EXERCISE DESCRIPTION.
All lines in the records below from the line with "Zwiewna sukienka midi" through the line with "Clean, bold, and" are to be given again exactly, both ends included; the pictures are to be left out.

INPUT FOR THIS TASK Block Start

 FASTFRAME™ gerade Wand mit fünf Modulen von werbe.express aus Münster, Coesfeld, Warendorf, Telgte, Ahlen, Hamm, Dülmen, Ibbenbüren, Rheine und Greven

INPUT FOR THIS TASK Block End
INPUT FOR THIS TASK Block Start

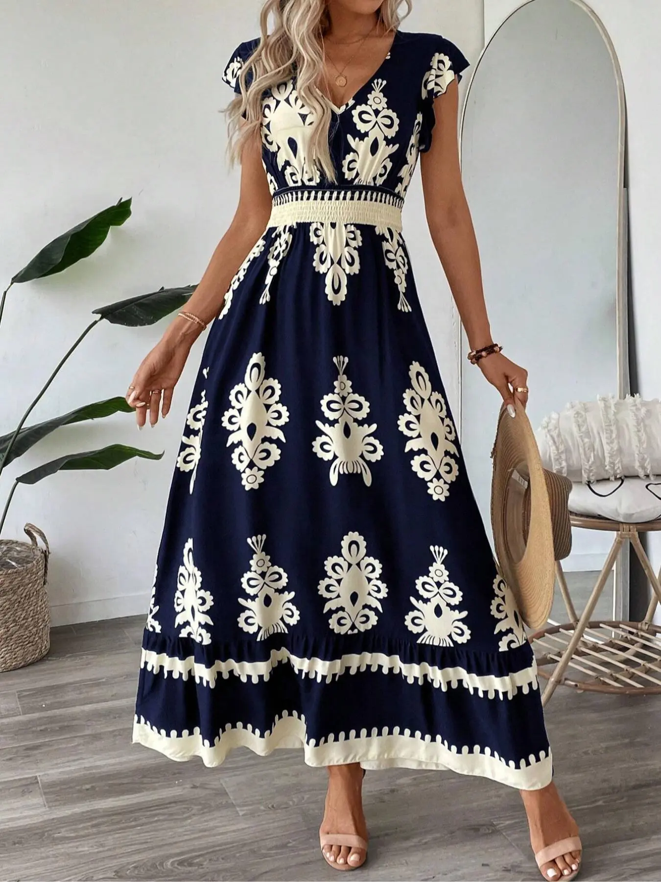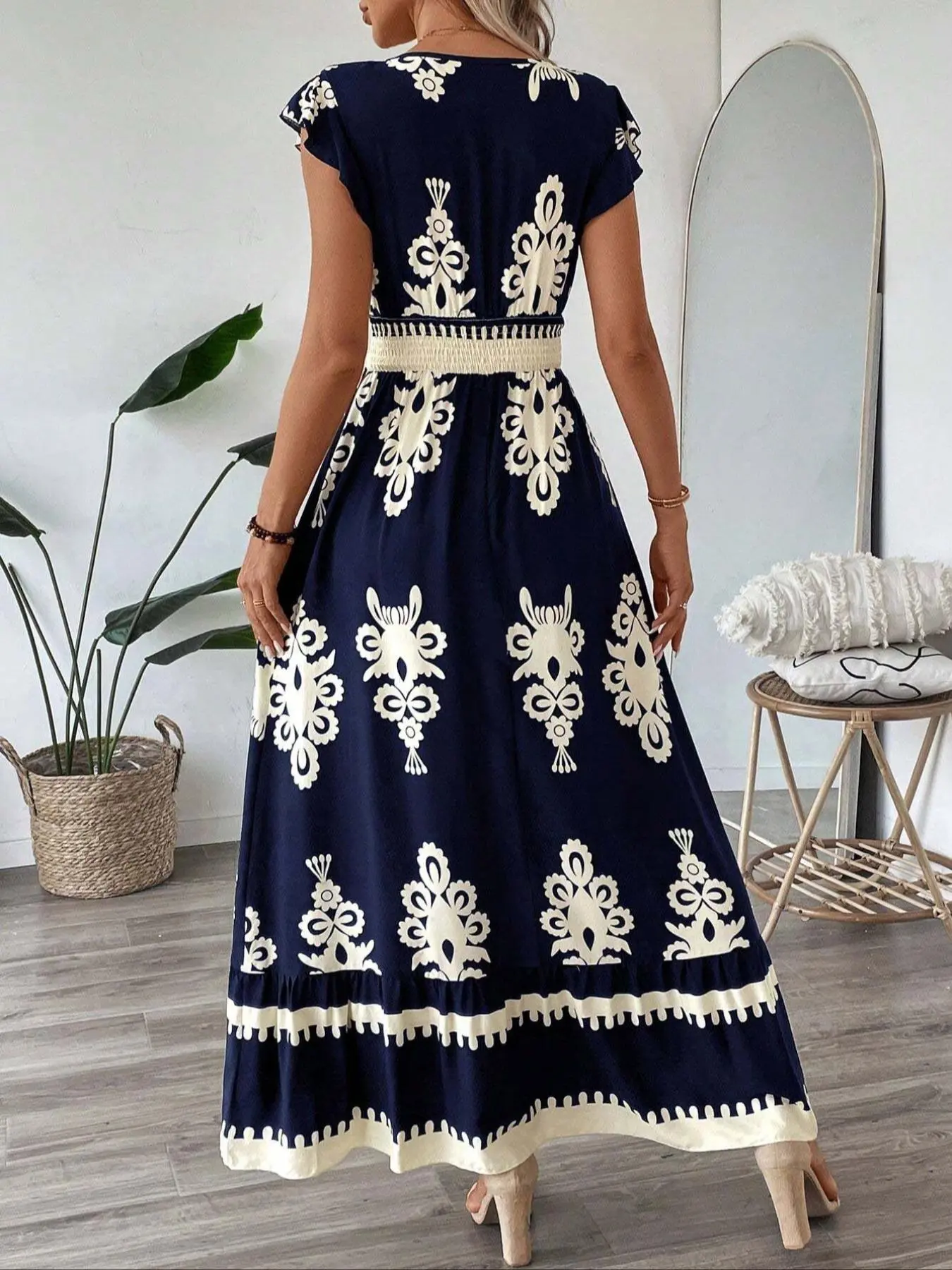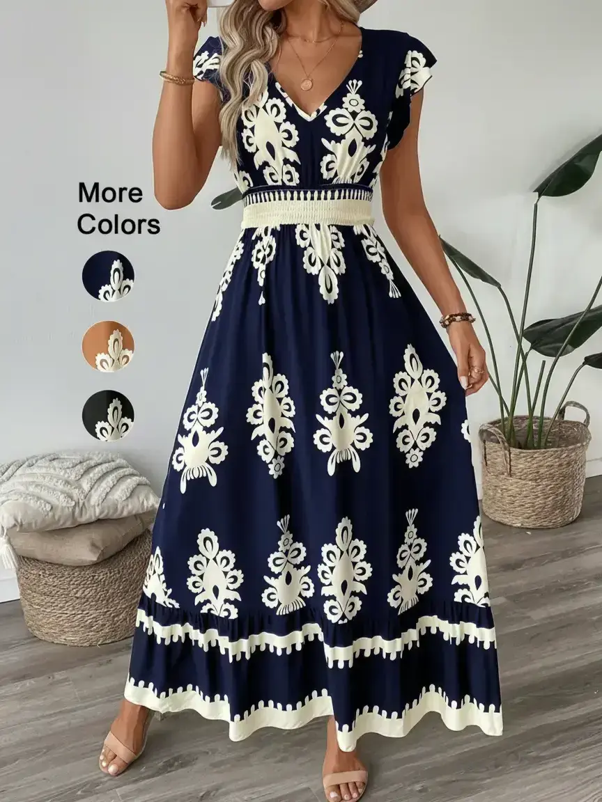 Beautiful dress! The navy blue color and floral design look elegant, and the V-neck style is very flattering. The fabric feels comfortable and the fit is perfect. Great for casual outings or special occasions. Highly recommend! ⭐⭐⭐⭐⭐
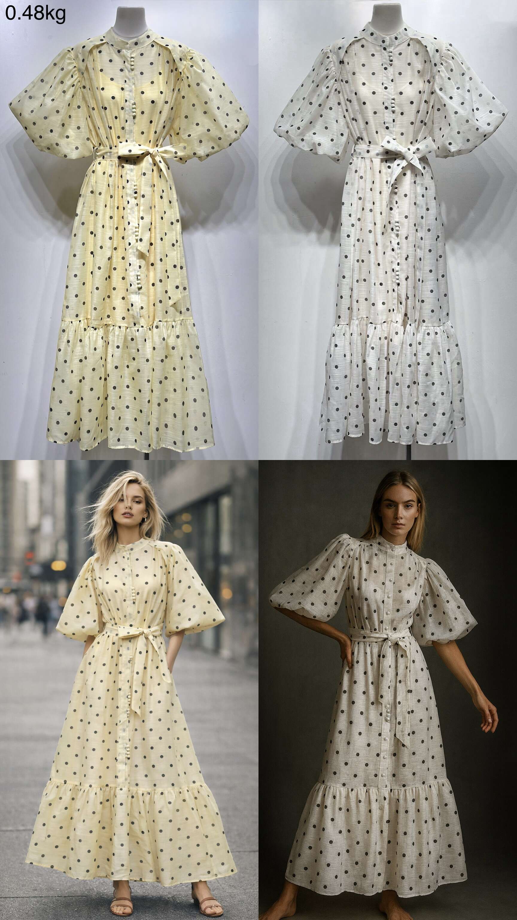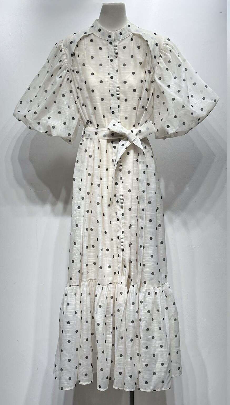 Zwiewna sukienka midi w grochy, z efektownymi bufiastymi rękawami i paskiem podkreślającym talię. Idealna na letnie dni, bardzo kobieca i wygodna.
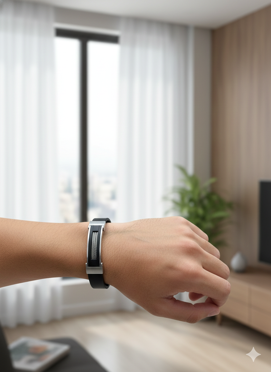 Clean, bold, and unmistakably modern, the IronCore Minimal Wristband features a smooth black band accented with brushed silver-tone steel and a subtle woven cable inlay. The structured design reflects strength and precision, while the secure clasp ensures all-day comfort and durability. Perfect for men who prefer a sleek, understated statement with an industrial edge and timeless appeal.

INPUT FOR THIS TASK Block End

RESULT OF THE TASK.
 Zwiewna sukienka midi w grochy, z efektownymi bufiastymi rękawami i paskiem podkreślającym talię. Idealna na letnie dni, bardzo kobieca i wygodna.
 Clean, bold, and unmistakably modern, the IronCore Minimal Wristband features a smooth black band accented with brushed silver-tone steel and a subtle woven cable inlay. The structured design reflects strength and precision, while the secure clasp ensures all-day comfort and durability. Perfect for men who prefer a sleek, understated statement with an industrial edge and timeless appeal.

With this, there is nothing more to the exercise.